**What to produce**
All the lines below should appear again unchanged, though their pictures should not.

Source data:
== Segment start ==

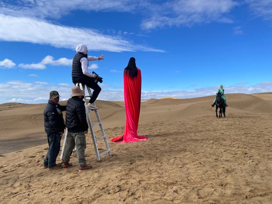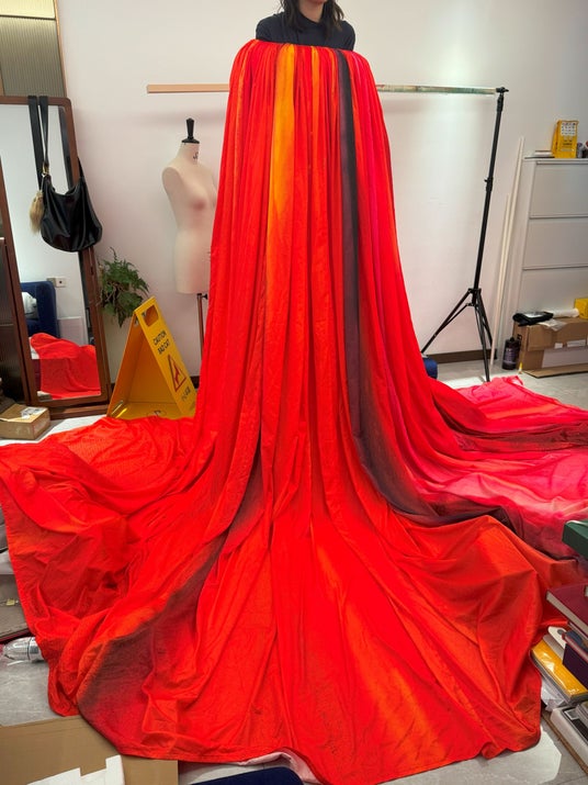 レザーの案も出ていましたが、夏のイメージを強くするため、より軽い生地でのデザインになっています。砂漠の中に「大地の母」を2メートル以上高めたいとの希望があり、2メートルを超える「大地の母」がすっぽり隠れる大きな赤いマントを制作。結果、赤いマントの優美な存在感が砂漠の景色とのコントラストを生み出し、超越的な大地の母像のイメージへ大きく貢献しました。
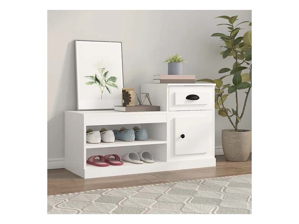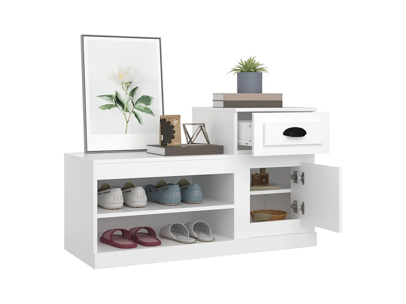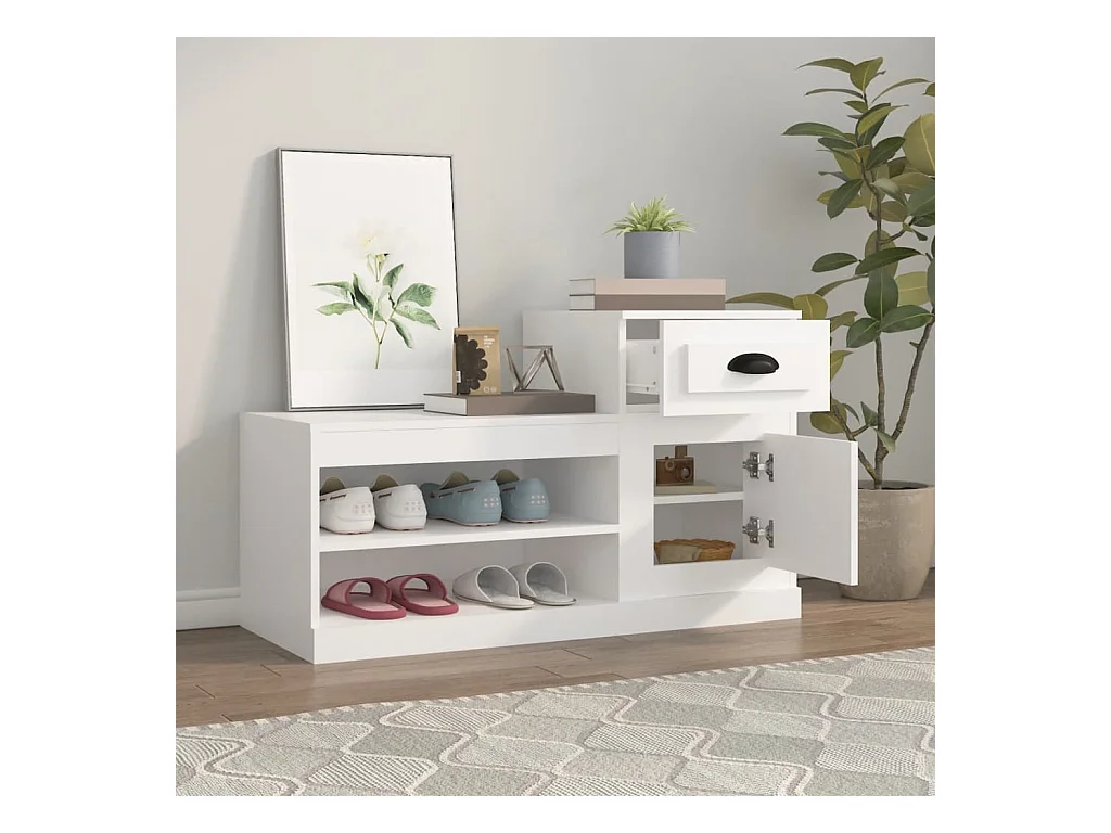 Armoire à chaussure blanc brillant 100x42x60 cm bois ingénierie
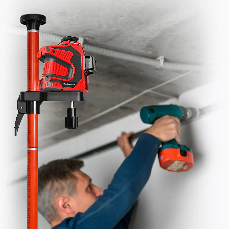 Крепления двух видов пригодятся для фиксации прибора на строительных конструкциях. Две резьбовых отверстия разного размера позволяют установить лазерный уровень Condtrol Omniliner G3D Kit на любой подходящий штатив для точной и удобной разметки.
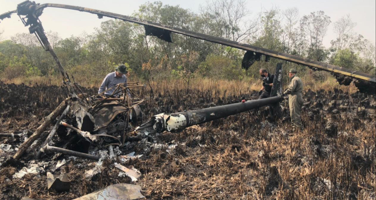 A Equipe especializada em repressão a crimes aeronáuticos ainda constatou que não houve queda da aeronave, mas sim, um pouso de emergência com posterior fogo da aeronave já em solo, com indícios de que o fogo teria sido provocado, portanto, sem vítima fatal nos destroços da aeronave ressaltando se que houve tempo suficiente para fica do comandante e outros passageiros que ali estivessem a bordo visto que o pouso se deu em manobra de emergência denominada por auto rotação que não ocasiona maiores danos na aeronave ou em seus ocupantes.
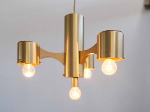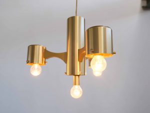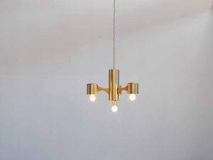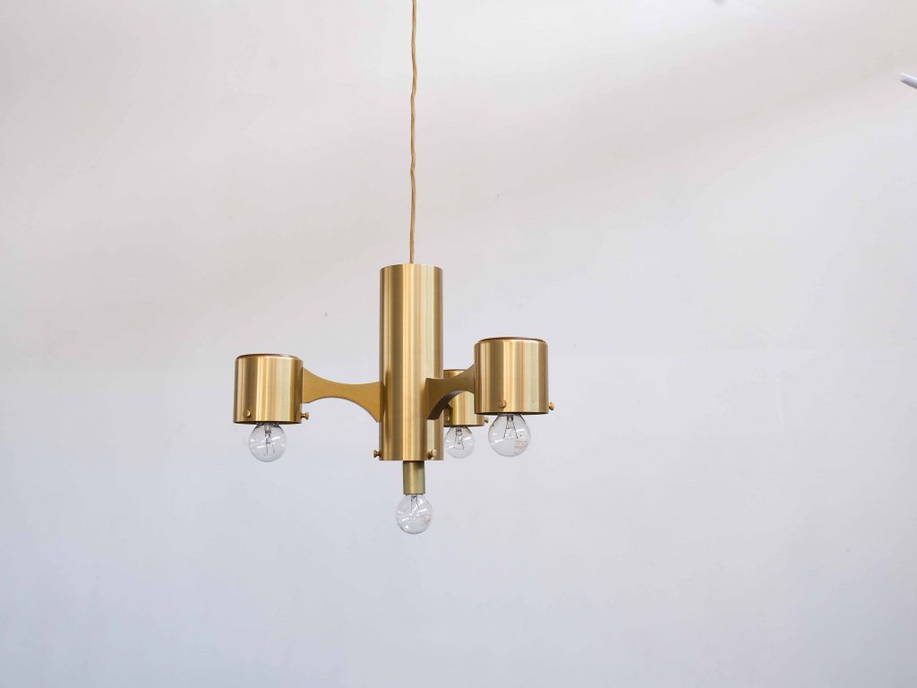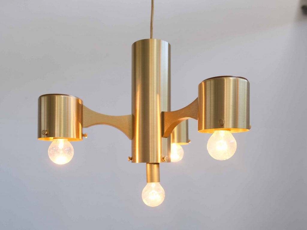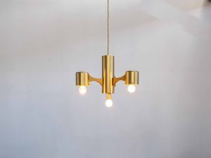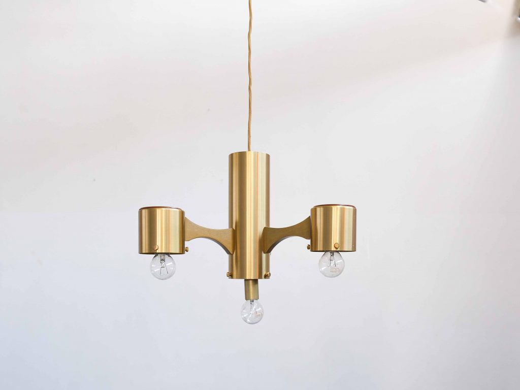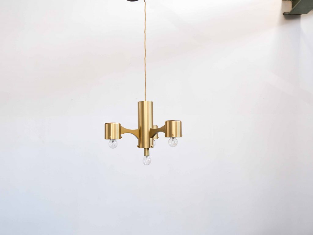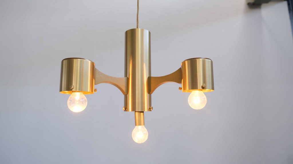 Der Solvar Kronleuchter ist ein elegantes Vintage Designobjekt im Stil der 60er und 70er Jahre und verbindet Mid-Century Klarheit mit charakteristischen Space Age Elementen. Gefertigt aus hochwertigem Messing, überzeugt die Leuchte durch ihre reduzierte, geometrische Form und die harmonisch ausbalancierte dreiarmige Konstruktion.
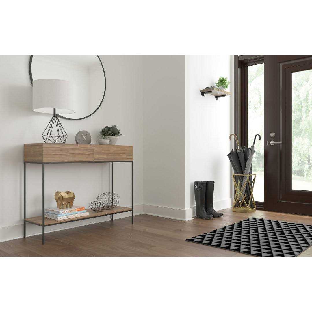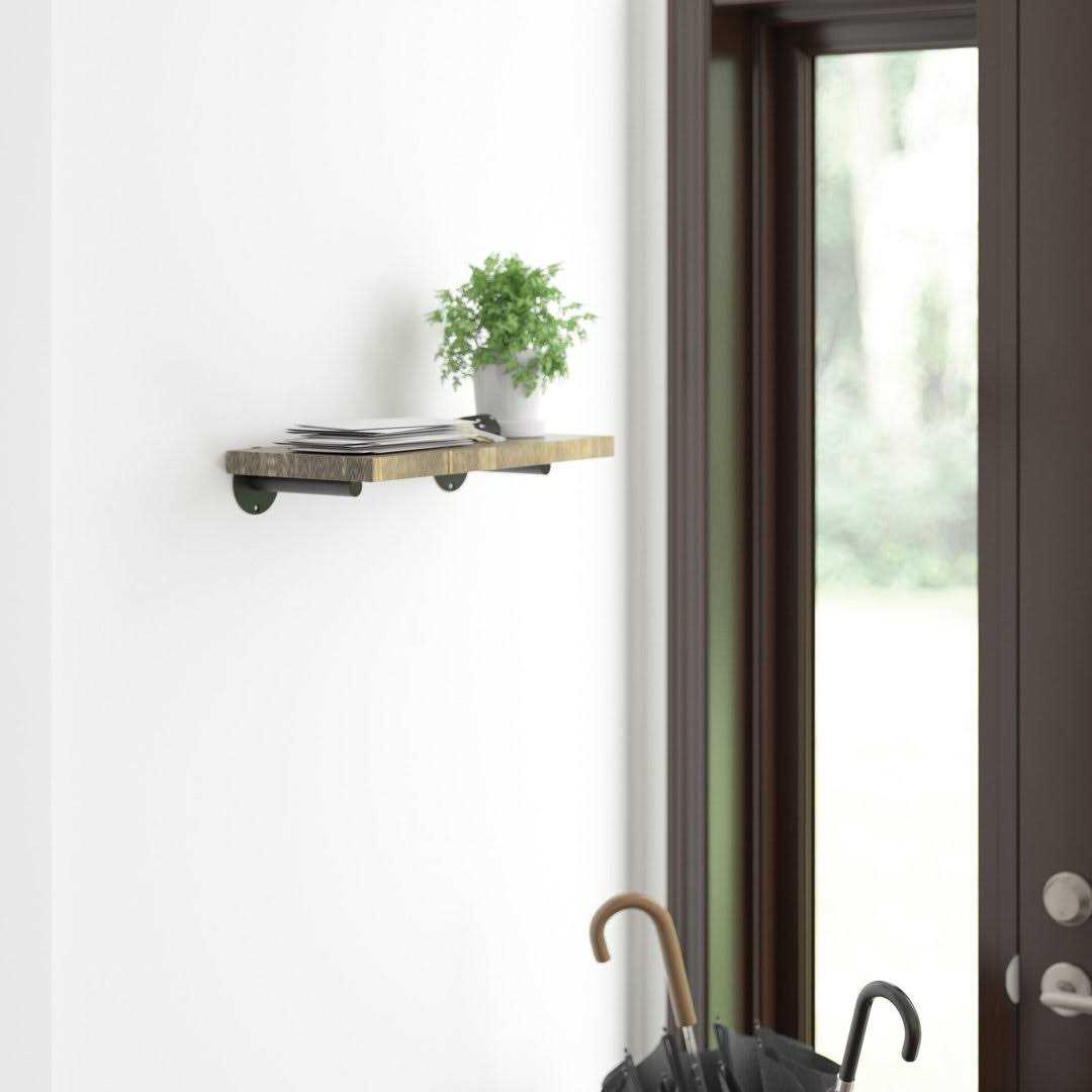 This streamlined design is inspired by industrial pipe details and allows the shelf to rest on top of the bracket. Ideal for entryways, kitchens or living spaces.

== Segment end ==

**Response to this task**
 レザーの案も出ていましたが、夏のイメージを強くするため、より軽い生地でのデザインになっています。砂漠の中に「大地の母」を2メートル以上高めたいとの希望があり、2メートルを超える「大地の母」がすっぽり隠れる大きな赤いマントを制作。結果、赤いマントの優美な存在感が砂漠の景色とのコントラストを生み出し、超越的な大地の母像のイメージへ大きく貢献しました。
 Armoire à chaussure blanc brillant 100x42x60 cm bois ingénierie
 Крепления двух видов пригодятся для фиксации прибора на строительных конструкциях. Две резьбовых отверстия разного размера позволяют установить лазерный уровень Condtrol Omniliner G3D Kit на любой подходящий штатив для точной и удобной разметки.
 A Equipe especializada em repressão a crimes aeronáuticos ainda constatou que não houve queda da aeronave, mas sim, um pouso de emergência com posterior fogo da aeronave já em solo, com indícios de que o fogo teria sido provocado, portanto, sem vítima fatal nos destroços da aeronave ressaltando se que houve tempo suficiente para fica do comandante e outros passageiros que ali estivessem a bordo visto que o pouso se deu em manobra de emergência denominada por auto rotação que não ocasiona maiores danos na aeronave ou em seus ocupantes.
 Der Solvar Kronleuchter ist ein elegantes Vintage Designobjekt im Stil der 60er und 70er Jahre und verbindet Mid-Century Klarheit mit charakteristischen Space Age Elementen. Gefertigt aus hochwertigem Messing, überzeugt die Leuchte durch ihre reduzierte, geometrische Form und die harmonisch ausbalancierte dreiarmige Konstruktion.
 This streamlined design is inspired by industrial pipe details and allows the shelf to rest on top of the bracket. Ideal for entryways, kitchens or living spaces.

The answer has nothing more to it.